PROBLEM REQUIREMENTS
Verbatim output of the lines below is required, with the images omitted.
BEGIN
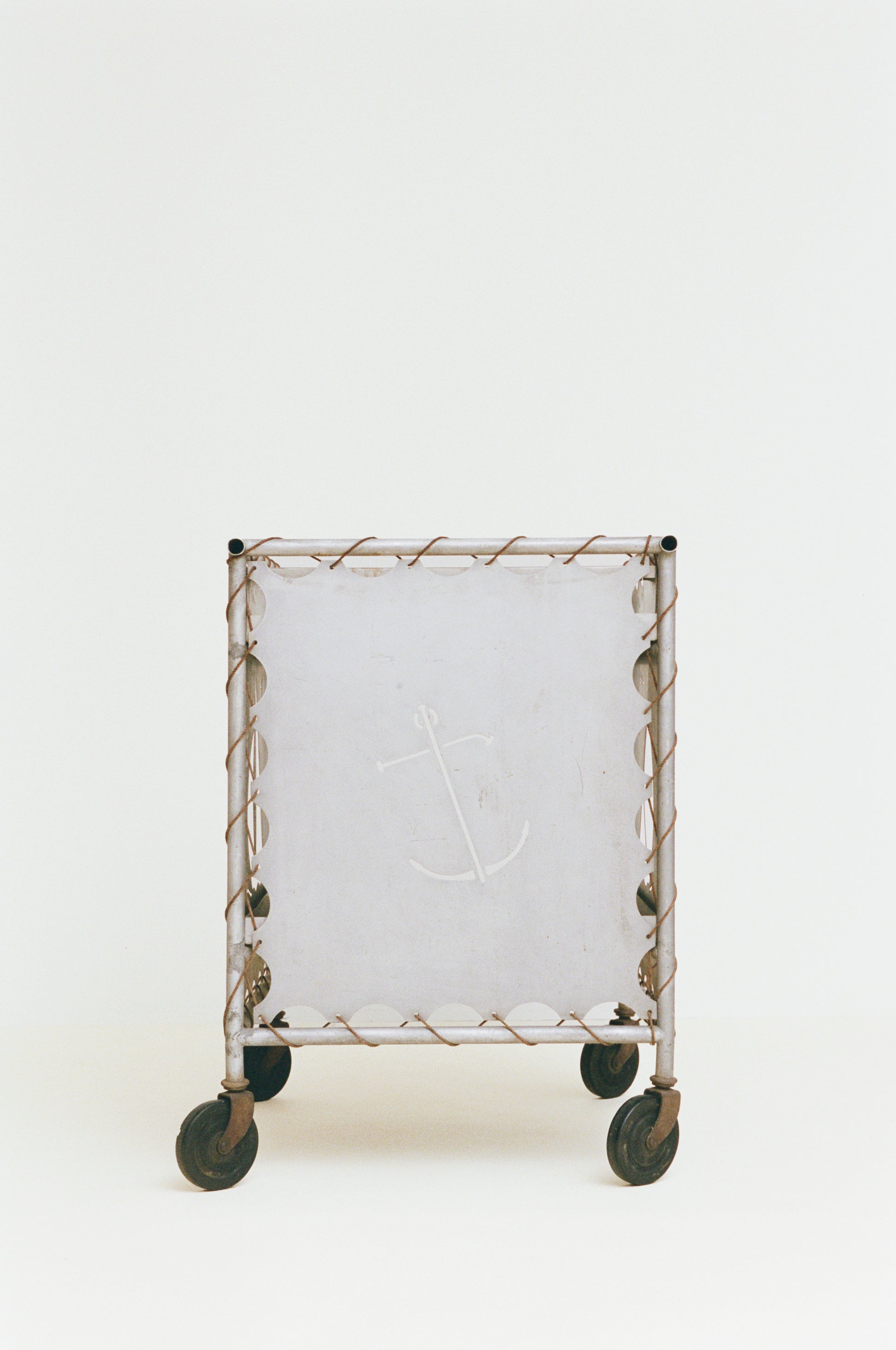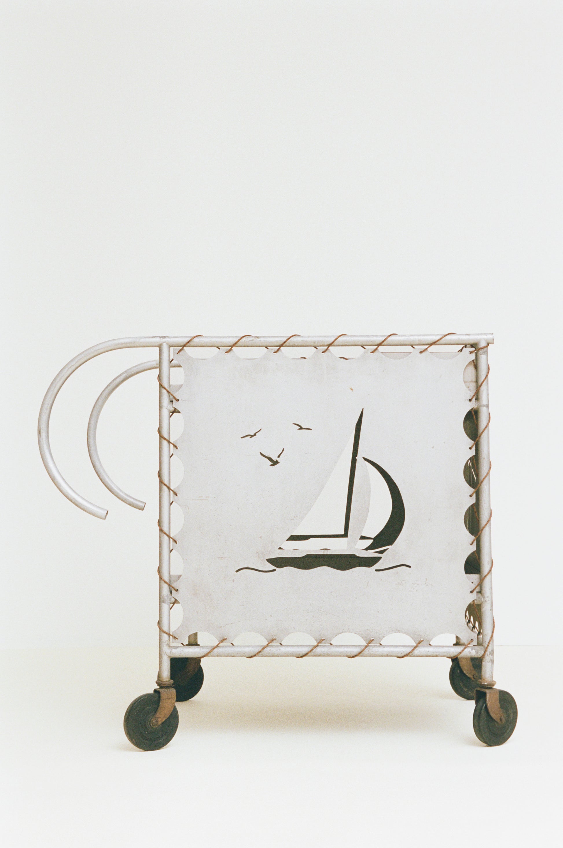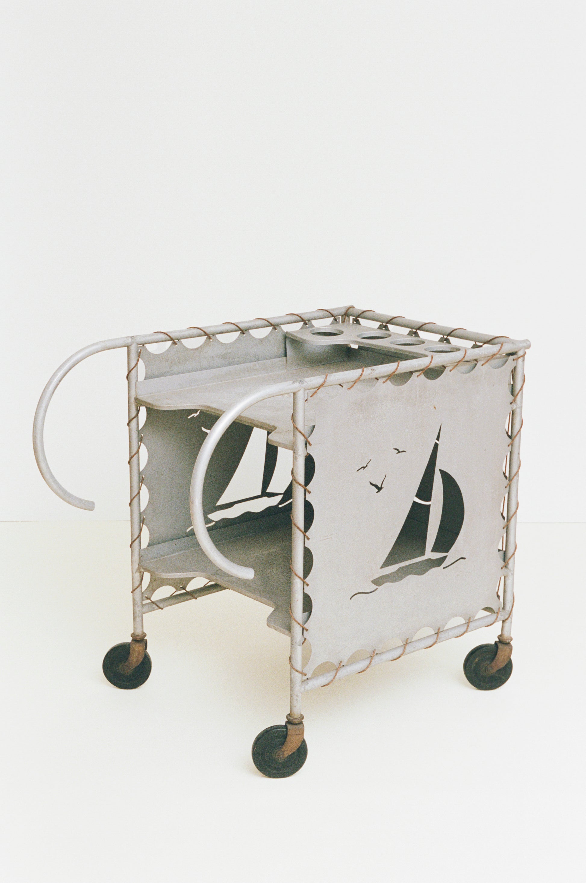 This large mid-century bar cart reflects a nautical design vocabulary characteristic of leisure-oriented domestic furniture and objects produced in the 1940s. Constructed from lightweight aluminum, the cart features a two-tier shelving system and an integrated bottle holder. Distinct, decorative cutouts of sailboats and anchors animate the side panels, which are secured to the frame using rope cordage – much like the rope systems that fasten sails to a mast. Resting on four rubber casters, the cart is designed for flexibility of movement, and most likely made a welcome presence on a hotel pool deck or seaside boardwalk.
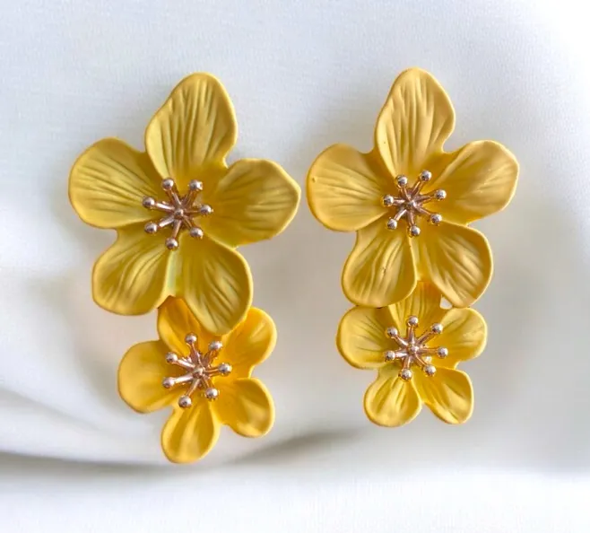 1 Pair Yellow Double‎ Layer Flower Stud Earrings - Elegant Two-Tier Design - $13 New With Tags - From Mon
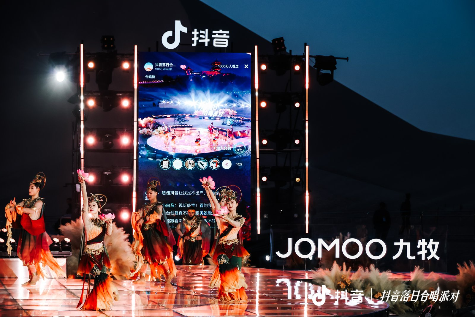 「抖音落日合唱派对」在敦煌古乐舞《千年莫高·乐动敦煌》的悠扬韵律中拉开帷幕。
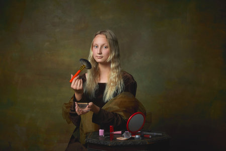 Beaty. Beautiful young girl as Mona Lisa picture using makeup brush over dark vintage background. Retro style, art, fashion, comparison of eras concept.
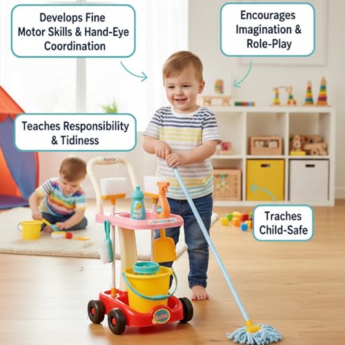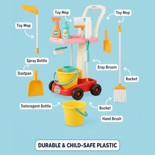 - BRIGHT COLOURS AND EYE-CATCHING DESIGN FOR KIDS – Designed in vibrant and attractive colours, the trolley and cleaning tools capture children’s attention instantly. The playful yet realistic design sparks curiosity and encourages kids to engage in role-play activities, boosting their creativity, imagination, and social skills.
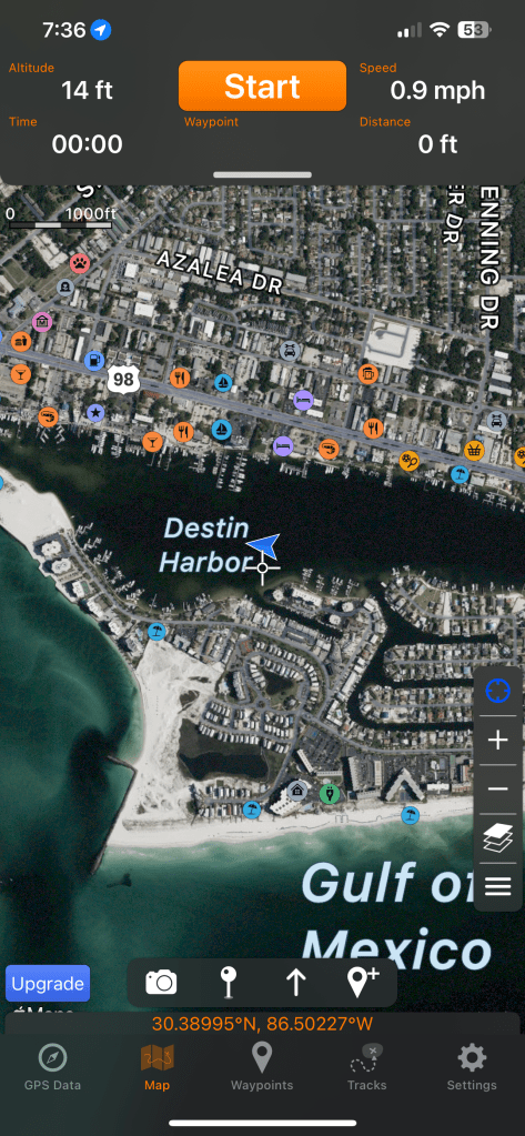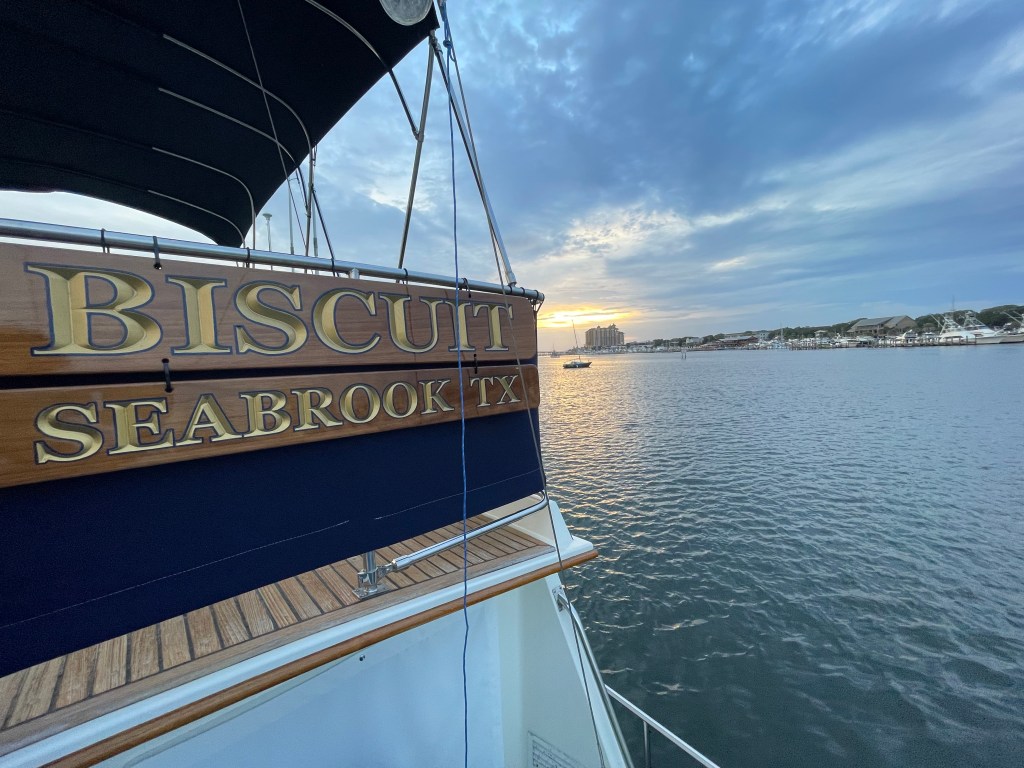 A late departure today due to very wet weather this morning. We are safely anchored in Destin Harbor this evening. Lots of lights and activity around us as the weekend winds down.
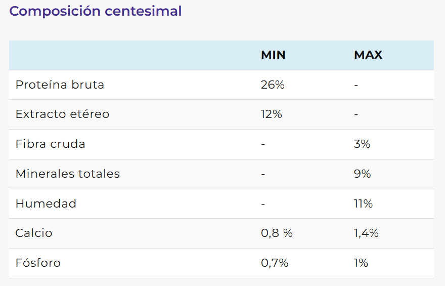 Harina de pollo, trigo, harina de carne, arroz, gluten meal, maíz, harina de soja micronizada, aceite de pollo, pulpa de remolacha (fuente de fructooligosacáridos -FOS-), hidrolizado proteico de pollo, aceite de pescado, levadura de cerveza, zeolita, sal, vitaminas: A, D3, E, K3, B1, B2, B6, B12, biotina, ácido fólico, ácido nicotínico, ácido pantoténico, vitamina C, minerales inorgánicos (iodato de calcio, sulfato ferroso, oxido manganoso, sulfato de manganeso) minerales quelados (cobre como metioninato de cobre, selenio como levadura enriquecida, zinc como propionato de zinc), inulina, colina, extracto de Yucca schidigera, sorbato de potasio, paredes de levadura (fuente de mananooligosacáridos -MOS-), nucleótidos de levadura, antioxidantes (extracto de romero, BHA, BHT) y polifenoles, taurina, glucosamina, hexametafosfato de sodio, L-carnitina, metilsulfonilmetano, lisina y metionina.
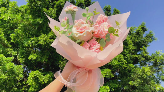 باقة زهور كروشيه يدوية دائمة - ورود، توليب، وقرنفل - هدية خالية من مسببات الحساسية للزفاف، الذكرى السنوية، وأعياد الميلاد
END
SOLUTION TO THE EXERCISE
 This large mid-century bar cart reflects a nautical design vocabulary characteristic of leisure-oriented domestic furniture and objects produced in the 1940s. Constructed from lightweight aluminum, the cart features a two-tier shelving system and an integrated bottle holder. Distinct, decorative cutouts of sailboats and anchors animate the side panels, which are secured to the frame using rope cordage – much like the rope systems that fasten sails to a mast. Resting on four rubber casters, the cart is designed for flexibility of movement, and most likely made a welcome presence on a hotel pool deck or seaside boardwalk.
 1 Pair Yellow Double‎ Layer Flower Stud Earrings - Elegant Two-Tier Design - $13 New With Tags - From Mon
 「抖音落日合唱派对」在敦煌古乐舞《千年莫高·乐动敦煌》的悠扬韵律中拉开帷幕。
 Beaty. Beautiful young girl as Mona Lisa picture using makeup brush over dark vintage background. Retro style, art, fashion, comparison of eras concept.
 - BRIGHT COLOURS AND EYE-CATCHING DESIGN FOR KIDS – Designed in vibrant and attractive colours, the trolley and cleaning tools capture children’s attention instantly. The playful yet realistic design sparks curiosity and encourages kids to engage in role-play activities, boosting their creativity, imagination, and social skills.
 A late departure today due to very wet weather this morning. We are safely anchored in Destin Harbor this evening. Lots of lights and activity around us as the weekend winds down.
 Harina de pollo, trigo, harina de carne, arroz, gluten meal, maíz, harina de soja micronizada, aceite de pollo, pulpa de remolacha (fuente de fructooligosacáridos -FOS-), hidrolizado proteico de pollo, aceite de pescado, levadura de cerveza, zeolita, sal, vitaminas: A, D3, E, K3, B1, B2, B6, B12, biotina, ácido fólico, ácido nicotínico, ácido pantoténico, vitamina C, minerales inorgánicos (iodato de calcio, sulfato ferroso, oxido manganoso, sulfato de manganeso) minerales quelados (cobre como metioninato de cobre, selenio como levadura enriquecida, zinc como propionato de zinc), inulina, colina, extracto de Yucca schidigera, sorbato de potasio, paredes de levadura (fuente de mananooligosacáridos -MOS-), nucleótidos de levadura, antioxidantes (extracto de romero, BHA, BHT) y polifenoles, taurina, glucosamina, hexametafosfato de sodio, L-carnitina, metilsulfonilmetano, lisina y metionina.
 باقة زهور كروشيه يدوية دائمة - ورود، توليب، وقرنفل - هدية خالية من مسببات الحساسية للزفاف، الذكرى السنوية، وأعياد الميلاد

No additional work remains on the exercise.